BEGIN Data extract

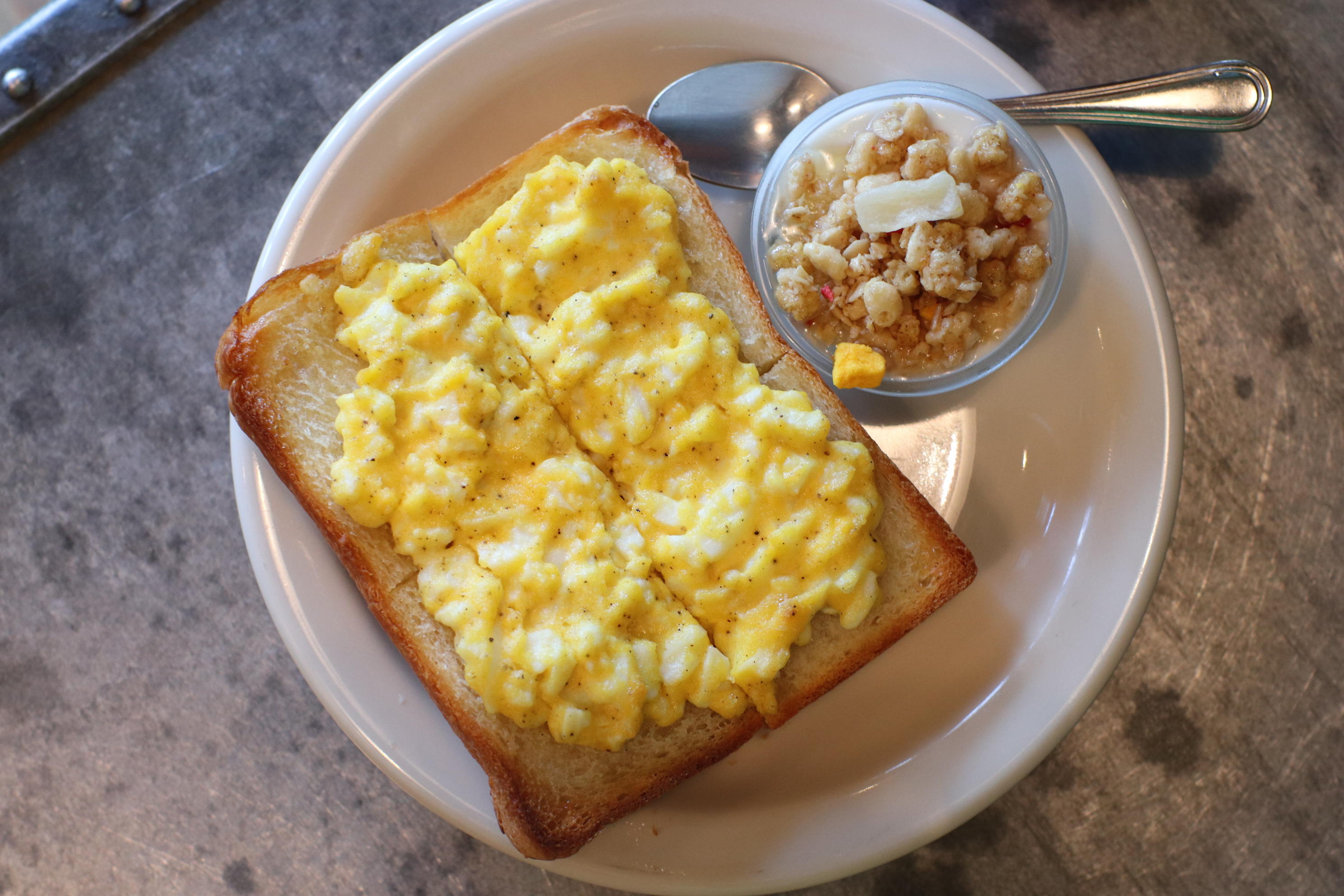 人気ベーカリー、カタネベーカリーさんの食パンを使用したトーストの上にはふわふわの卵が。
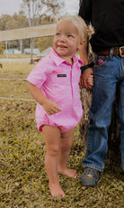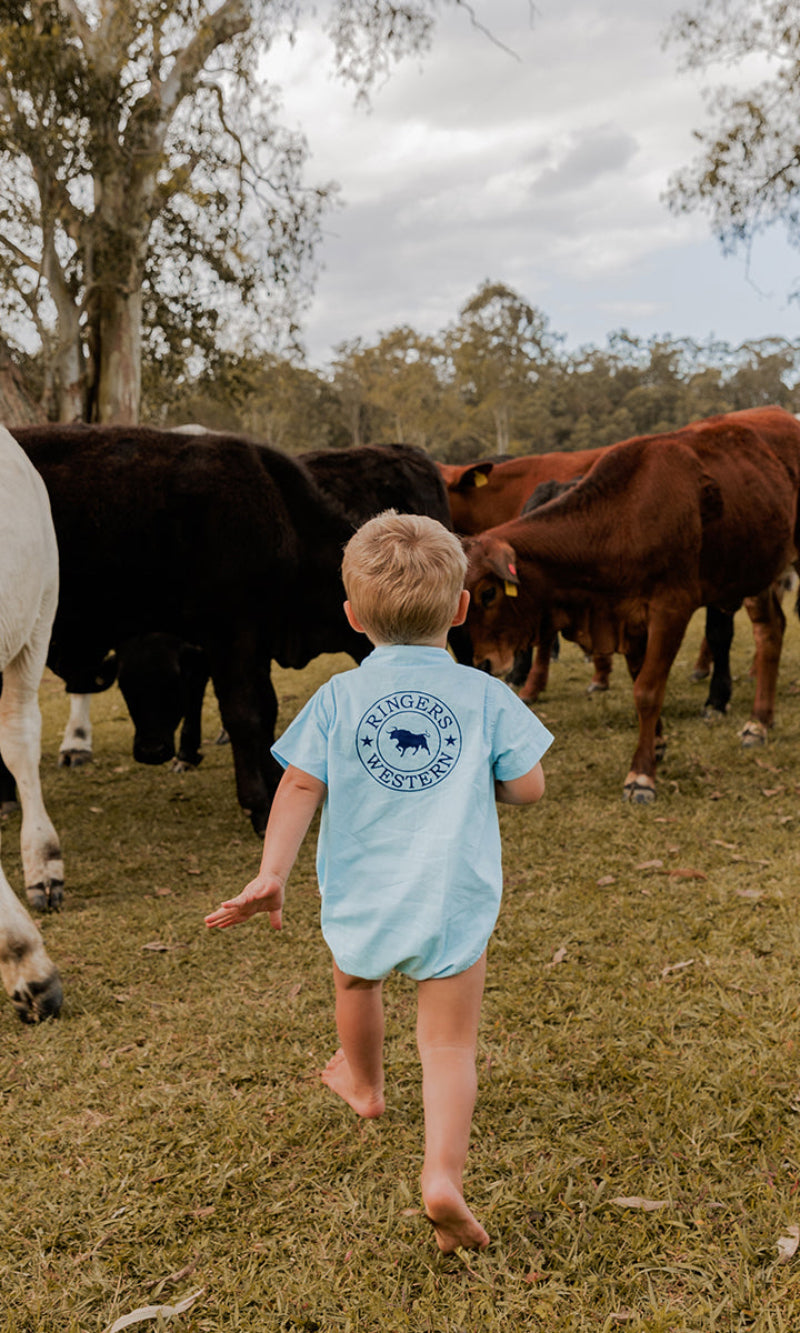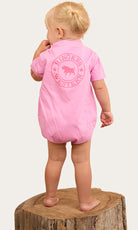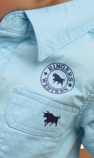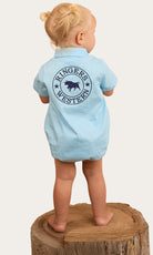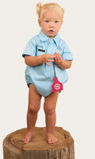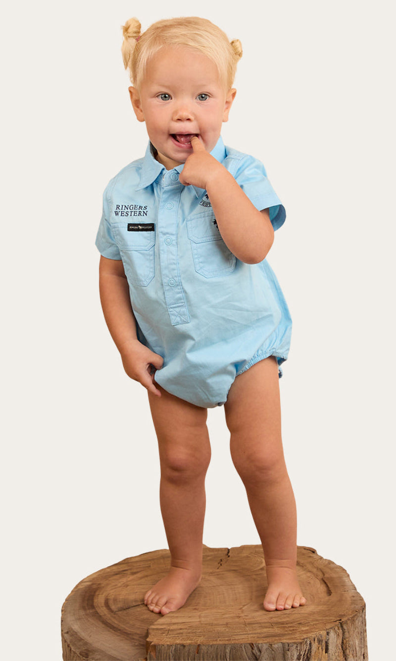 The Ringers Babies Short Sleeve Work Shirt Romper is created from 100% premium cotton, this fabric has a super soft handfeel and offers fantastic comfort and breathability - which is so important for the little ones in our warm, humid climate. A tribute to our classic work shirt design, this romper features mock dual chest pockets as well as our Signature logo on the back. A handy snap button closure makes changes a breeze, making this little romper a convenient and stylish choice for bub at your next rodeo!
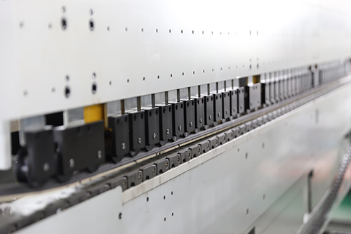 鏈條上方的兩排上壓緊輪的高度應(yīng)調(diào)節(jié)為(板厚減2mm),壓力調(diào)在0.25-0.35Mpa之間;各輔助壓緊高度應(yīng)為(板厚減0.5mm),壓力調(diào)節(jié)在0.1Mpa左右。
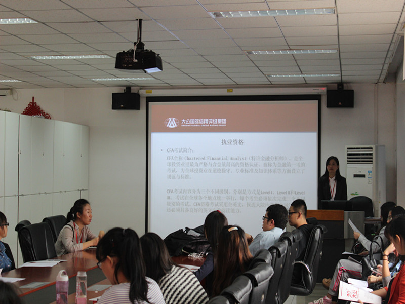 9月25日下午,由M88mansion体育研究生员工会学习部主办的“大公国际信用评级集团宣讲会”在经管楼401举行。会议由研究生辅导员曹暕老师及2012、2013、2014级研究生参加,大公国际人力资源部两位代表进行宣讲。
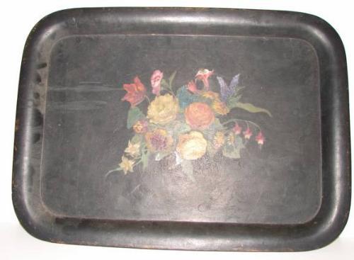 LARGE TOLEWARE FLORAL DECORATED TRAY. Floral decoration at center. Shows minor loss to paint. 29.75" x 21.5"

END Data extract

## Work task
Where a picture appears, skip it; repeat everything else in the data exactly.

## Task output
 人気ベーカリー、カタネベーカリーさんの食パンを使用したトーストの上にはふわふわの卵が。
 The Ringers Babies Short Sleeve Work Shirt Romper is created from 100% premium cotton, this fabric has a super soft handfeel and offers fantastic comfort and breathability - which is so important for the little ones in our warm, humid climate. A tribute to our classic work shirt design, this romper features mock dual chest pockets as well as our Signature logo on the back. A handy snap button closure makes changes a breeze, making this little romper a convenient and stylish choice for bub at your next rodeo!
 鏈條上方的兩排上壓緊輪的高度應(yīng)調(diào)節(jié)為(板厚減2mm),壓力調(diào)在0.25-0.35Mpa之間;各輔助壓緊高度應(yīng)為(板厚減0.5mm),壓力調(diào)節(jié)在0.1Mpa左右。
 9月25日下午,由M88mansion体育研究生员工会学习部主办的“大公国际信用评级集团宣讲会”在经管楼401举行。会议由研究生辅导员曹暕老师及2012、2013、2014级研究生参加,大公国际人力资源部两位代表进行宣讲。
 LARGE TOLEWARE FLORAL DECORATED TRAY. Floral decoration at center. Shows minor loss to paint. 29.75" x 21.5"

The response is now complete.